* ASSIGNMENT *
Pictures found in the material must be left out, and every line returned as written.

* INPUT DATA *
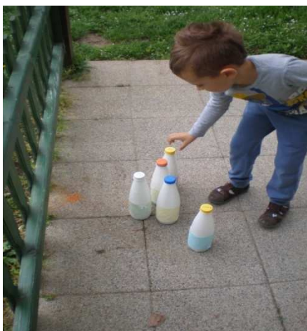
Slika 3. Naša kuglana
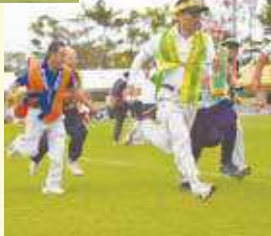
▲各字の意地がぶつかり合った200メートルリレー
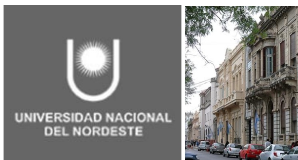
Figura 6. Il logo dell'Università UNNE e, a destra, il palazzo del Rettorato.

Conosciuta come l'Università del sole, UNNE è la settima università per numero di studenti in Argentina. È frequentata da circa 60.000 studenti e annovera 14 Facoltà (Architettura e Urbanistica, Lettere, Scienze Agrarie e Forestali, Agroindustria, Scienze Economiche, Scienze esatte, Giurisprudenza, Scienze Mediche, Scienze Naturali, Scienze veterinarie, Scienze Sociali, Scienze informatiche, Ingegneria e Odontoiatria). Dalla data della sua creazione ad oggi, l'Universidad Nacional del Nordeste (UNNE) ha come scopo fondamentale quello di soddisfare i bisogni culturali di istruzione superiore della regione nord-orientale del Paese.

* WORKED SOLUTION *
Slika 3. Naša kuglana
▲各字の意地がぶつかり合った200メートルリレー
Figura 6. Il logo dell'Università UNNE e, a destra, il palazzo del Rettorato.

Conosciuta come l'Università del sole, UNNE è la settima università per numero di studenti in Argentina. È frequentata da circa 60.000 studenti e annovera 14 Facoltà (Architettura e Urbanistica, Lettere, Scienze Agrarie e Forestali, Agroindustria, Scienze Economiche, Scienze esatte, Giurisprudenza, Scienze Mediche, Scienze Naturali, Scienze veterinarie, Scienze Sociali, Scienze informatiche, Ingegneria e Odontoiatria). Dalla data della sua creazione ad oggi, l'Universidad Nacional del Nordeste (UNNE) ha come scopo fondamentale quello di soddisfare i bisogni culturali di istruzione superiore della regione nord-orientale del Paese.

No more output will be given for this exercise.